#### Exercise inputs ####

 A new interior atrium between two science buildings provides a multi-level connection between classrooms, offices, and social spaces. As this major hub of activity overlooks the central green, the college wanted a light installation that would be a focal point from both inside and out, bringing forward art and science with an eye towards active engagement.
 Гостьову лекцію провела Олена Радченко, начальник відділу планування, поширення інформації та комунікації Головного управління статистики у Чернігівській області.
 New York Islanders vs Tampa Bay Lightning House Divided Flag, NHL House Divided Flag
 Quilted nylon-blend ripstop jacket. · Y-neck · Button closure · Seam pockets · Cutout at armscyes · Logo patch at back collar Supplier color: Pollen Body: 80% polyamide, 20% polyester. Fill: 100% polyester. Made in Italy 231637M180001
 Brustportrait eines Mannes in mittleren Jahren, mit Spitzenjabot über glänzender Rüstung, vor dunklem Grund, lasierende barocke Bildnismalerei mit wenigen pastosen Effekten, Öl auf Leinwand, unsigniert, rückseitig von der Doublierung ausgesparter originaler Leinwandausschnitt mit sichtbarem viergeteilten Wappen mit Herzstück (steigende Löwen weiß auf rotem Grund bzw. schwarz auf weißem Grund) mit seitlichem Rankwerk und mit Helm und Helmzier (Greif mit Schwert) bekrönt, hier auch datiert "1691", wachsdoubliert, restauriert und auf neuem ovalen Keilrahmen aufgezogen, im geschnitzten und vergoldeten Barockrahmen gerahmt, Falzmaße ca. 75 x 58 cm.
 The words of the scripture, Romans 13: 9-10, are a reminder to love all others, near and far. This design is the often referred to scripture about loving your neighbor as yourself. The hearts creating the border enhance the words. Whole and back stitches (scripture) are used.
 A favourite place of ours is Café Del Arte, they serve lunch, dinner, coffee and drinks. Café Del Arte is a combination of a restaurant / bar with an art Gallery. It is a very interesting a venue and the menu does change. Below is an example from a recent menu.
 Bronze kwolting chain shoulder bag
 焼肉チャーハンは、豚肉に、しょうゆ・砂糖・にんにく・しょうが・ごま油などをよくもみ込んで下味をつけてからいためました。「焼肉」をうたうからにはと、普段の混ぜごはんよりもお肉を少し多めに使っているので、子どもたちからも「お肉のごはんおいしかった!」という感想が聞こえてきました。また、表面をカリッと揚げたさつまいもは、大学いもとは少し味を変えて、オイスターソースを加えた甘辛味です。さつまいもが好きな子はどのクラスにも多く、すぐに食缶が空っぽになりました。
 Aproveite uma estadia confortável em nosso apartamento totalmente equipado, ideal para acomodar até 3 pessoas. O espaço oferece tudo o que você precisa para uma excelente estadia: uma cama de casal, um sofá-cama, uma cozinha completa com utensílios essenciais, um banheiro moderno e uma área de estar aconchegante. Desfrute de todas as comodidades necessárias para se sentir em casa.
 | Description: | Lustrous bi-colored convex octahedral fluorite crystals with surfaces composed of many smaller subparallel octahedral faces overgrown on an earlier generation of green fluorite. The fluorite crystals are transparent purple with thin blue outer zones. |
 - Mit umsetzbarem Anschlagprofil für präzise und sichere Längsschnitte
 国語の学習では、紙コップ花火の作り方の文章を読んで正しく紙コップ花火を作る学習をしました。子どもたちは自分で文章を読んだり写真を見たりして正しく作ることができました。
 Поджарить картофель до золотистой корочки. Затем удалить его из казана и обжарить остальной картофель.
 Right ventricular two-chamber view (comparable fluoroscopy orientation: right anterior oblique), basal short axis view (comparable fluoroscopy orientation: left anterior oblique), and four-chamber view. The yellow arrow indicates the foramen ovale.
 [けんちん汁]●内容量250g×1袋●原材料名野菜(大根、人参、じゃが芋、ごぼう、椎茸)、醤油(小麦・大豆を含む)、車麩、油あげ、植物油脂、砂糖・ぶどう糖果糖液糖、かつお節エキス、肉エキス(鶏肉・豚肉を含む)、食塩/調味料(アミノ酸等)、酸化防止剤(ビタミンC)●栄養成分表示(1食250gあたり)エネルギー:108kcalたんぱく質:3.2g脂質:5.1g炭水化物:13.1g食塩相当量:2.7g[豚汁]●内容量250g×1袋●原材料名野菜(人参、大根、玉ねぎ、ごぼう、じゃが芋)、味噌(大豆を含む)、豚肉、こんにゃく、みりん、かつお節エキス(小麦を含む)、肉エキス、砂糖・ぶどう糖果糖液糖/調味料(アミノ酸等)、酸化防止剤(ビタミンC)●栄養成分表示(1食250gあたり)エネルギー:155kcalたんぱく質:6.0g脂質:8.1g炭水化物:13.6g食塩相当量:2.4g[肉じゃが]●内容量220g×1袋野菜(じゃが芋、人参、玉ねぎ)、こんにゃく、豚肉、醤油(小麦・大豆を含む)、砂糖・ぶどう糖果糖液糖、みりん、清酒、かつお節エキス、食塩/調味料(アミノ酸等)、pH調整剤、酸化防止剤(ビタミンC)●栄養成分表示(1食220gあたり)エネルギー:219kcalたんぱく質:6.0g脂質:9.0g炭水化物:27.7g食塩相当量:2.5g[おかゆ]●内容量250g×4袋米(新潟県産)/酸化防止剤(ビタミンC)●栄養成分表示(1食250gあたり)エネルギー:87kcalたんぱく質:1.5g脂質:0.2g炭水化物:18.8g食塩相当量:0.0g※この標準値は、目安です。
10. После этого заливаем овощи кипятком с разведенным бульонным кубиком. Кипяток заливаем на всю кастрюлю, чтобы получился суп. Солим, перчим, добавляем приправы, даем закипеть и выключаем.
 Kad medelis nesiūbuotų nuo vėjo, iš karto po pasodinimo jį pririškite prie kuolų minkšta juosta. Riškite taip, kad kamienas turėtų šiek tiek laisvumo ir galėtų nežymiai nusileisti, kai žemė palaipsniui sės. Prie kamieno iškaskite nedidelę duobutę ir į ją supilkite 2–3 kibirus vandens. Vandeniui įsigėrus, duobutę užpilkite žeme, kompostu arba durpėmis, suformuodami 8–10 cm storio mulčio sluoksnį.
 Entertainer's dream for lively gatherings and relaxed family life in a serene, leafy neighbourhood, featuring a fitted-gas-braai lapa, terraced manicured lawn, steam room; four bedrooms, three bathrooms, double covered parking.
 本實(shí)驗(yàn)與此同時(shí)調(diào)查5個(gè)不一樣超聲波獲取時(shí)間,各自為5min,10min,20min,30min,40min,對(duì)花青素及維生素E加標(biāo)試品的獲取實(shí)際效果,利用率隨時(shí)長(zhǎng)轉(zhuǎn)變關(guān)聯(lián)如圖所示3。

####

Assigned task – Write out all of the records word for word.

Reply to the exercise –
 A new interior atrium between two science buildings provides a multi-level connection between classrooms, offices, and social spaces. As this major hub of activity overlooks the central green, the college wanted a light installation that would be a focal point from both inside and out, bringing forward art and science with an eye towards active engagement.
 Гостьову лекцію провела Олена Радченко, начальник відділу планування, поширення інформації та комунікації Головного управління статистики у Чернігівській області.
 New York Islanders vs Tampa Bay Lightning House Divided Flag, NHL House Divided Flag
 Quilted nylon-blend ripstop jacket. · Y-neck · Button closure · Seam pockets · Cutout at armscyes · Logo patch at back collar Supplier color: Pollen Body: 80% polyamide, 20% polyester. Fill: 100% polyester. Made in Italy 231637M180001
 Brustportrait eines Mannes in mittleren Jahren, mit Spitzenjabot über glänzender Rüstung, vor dunklem Grund, lasierende barocke Bildnismalerei mit wenigen pastosen Effekten, Öl auf Leinwand, unsigniert, rückseitig von der Doublierung ausgesparter originaler Leinwandausschnitt mit sichtbarem viergeteilten Wappen mit Herzstück (steigende Löwen weiß auf rotem Grund bzw. schwarz auf weißem Grund) mit seitlichem Rankwerk und mit Helm und Helmzier (Greif mit Schwert) bekrönt, hier auch datiert "1691", wachsdoubliert, restauriert und auf neuem ovalen Keilrahmen aufgezogen, im geschnitzten und vergoldeten Barockrahmen gerahmt, Falzmaße ca. 75 x 58 cm.
 The words of the scripture, Romans 13: 9-10, are a reminder to love all others, near and far. This design is the often referred to scripture about loving your neighbor as yourself. The hearts creating the border enhance the words. Whole and back stitches (scripture) are used.
 A favourite place of ours is Café Del Arte, they serve lunch, dinner, coffee and drinks. Café Del Arte is a combination of a restaurant / bar with an art Gallery. It is a very interesting a venue and the menu does change. Below is an example from a recent menu.
 Bronze kwolting chain shoulder bag
 焼肉チャーハンは、豚肉に、しょうゆ・砂糖・にんにく・しょうが・ごま油などをよくもみ込んで下味をつけてからいためました。「焼肉」をうたうからにはと、普段の混ぜごはんよりもお肉を少し多めに使っているので、子どもたちからも「お肉のごはんおいしかった!」という感想が聞こえてきました。また、表面をカリッと揚げたさつまいもは、大学いもとは少し味を変えて、オイスターソースを加えた甘辛味です。さつまいもが好きな子はどのクラスにも多く、すぐに食缶が空っぽになりました。
 Aproveite uma estadia confortável em nosso apartamento totalmente equipado, ideal para acomodar até 3 pessoas. O espaço oferece tudo o que você precisa para uma excelente estadia: uma cama de casal, um sofá-cama, uma cozinha completa com utensílios essenciais, um banheiro moderno e uma área de estar aconchegante. Desfrute de todas as comodidades necessárias para se sentir em casa.
 | Description: | Lustrous bi-colored convex octahedral fluorite crystals with surfaces composed of many smaller subparallel octahedral faces overgrown on an earlier generation of green fluorite. The fluorite crystals are transparent purple with thin blue outer zones. |
 - Mit umsetzbarem Anschlagprofil für präzise und sichere Längsschnitte
 国語の学習では、紙コップ花火の作り方の文章を読んで正しく紙コップ花火を作る学習をしました。子どもたちは自分で文章を読んだり写真を見たりして正しく作ることができました。
 Поджарить картофель до золотистой корочки. Затем удалить его из казана и обжарить остальной картофель.
 Right ventricular two-chamber view (comparable fluoroscopy orientation: right anterior oblique), basal short axis view (comparable fluoroscopy orientation: left anterior oblique), and four-chamber view. The yellow arrow indicates the foramen ovale.
 [けんちん汁]●内容量250g×1袋●原材料名野菜(大根、人参、じゃが芋、ごぼう、椎茸)、醤油(小麦・大豆を含む)、車麩、油あげ、植物油脂、砂糖・ぶどう糖果糖液糖、かつお節エキス、肉エキス(鶏肉・豚肉を含む)、食塩/調味料(アミノ酸等)、酸化防止剤(ビタミンC)●栄養成分表示(1食250gあたり)エネルギー:108kcalたんぱく質:3.2g脂質:5.1g炭水化物:13.1g食塩相当量:2.7g[豚汁]●内容量250g×1袋●原材料名野菜(人参、大根、玉ねぎ、ごぼう、じゃが芋)、味噌(大豆を含む)、豚肉、こんにゃく、みりん、かつお節エキス(小麦を含む)、肉エキス、砂糖・ぶどう糖果糖液糖/調味料(アミノ酸等)、酸化防止剤(ビタミンC)●栄養成分表示(1食250gあたり)エネルギー:155kcalたんぱく質:6.0g脂質:8.1g炭水化物:13.6g食塩相当量:2.4g[肉じゃが]●内容量220g×1袋野菜(じゃが芋、人参、玉ねぎ)、こんにゃく、豚肉、醤油(小麦・大豆を含む)、砂糖・ぶどう糖果糖液糖、みりん、清酒、かつお節エキス、食塩/調味料(アミノ酸等)、pH調整剤、酸化防止剤(ビタミンC)●栄養成分表示(1食220gあたり)エネルギー:219kcalたんぱく質:6.0g脂質:9.0g炭水化物:27.7g食塩相当量:2.5g[おかゆ]●内容量250g×4袋米(新潟県産)/酸化防止剤(ビタミンC)●栄養成分表示(1食250gあたり)エネルギー:87kcalたんぱく質:1.5g脂質:0.2g炭水化物:18.8g食塩相当量:0.0g※この標準値は、目安です。
10. После этого заливаем овощи кипятком с разведенным бульонным кубиком. Кипяток заливаем на всю кастрюлю, чтобы получился суп. Солим, перчим, добавляем приправы, даем закипеть и выключаем.
 Kad medelis nesiūbuotų nuo vėjo, iš karto po pasodinimo jį pririškite prie kuolų minkšta juosta. Riškite taip, kad kamienas turėtų šiek tiek laisvumo ir galėtų nežymiai nusileisti, kai žemė palaipsniui sės. Prie kamieno iškaskite nedidelę duobutę ir į ją supilkite 2–3 kibirus vandens. Vandeniui įsigėrus, duobutę užpilkite žeme, kompostu arba durpėmis, suformuodami 8–10 cm storio mulčio sluoksnį.
 Entertainer's dream for lively gatherings and relaxed family life in a serene, leafy neighbourhood, featuring a fitted-gas-braai lapa, terraced manicured lawn, steam room; four bedrooms, three bathrooms, double covered parking.
 本實(shí)驗(yàn)與此同時(shí)調(diào)查5個(gè)不一樣超聲波獲取時(shí)間,各自為5min,10min,20min,30min,40min,對(duì)花青素及維生素E加標(biāo)試品的獲取實(shí)際效果,利用率隨時(shí)長(zhǎng)轉(zhuǎn)變關(guān)聯(lián)如圖所示3。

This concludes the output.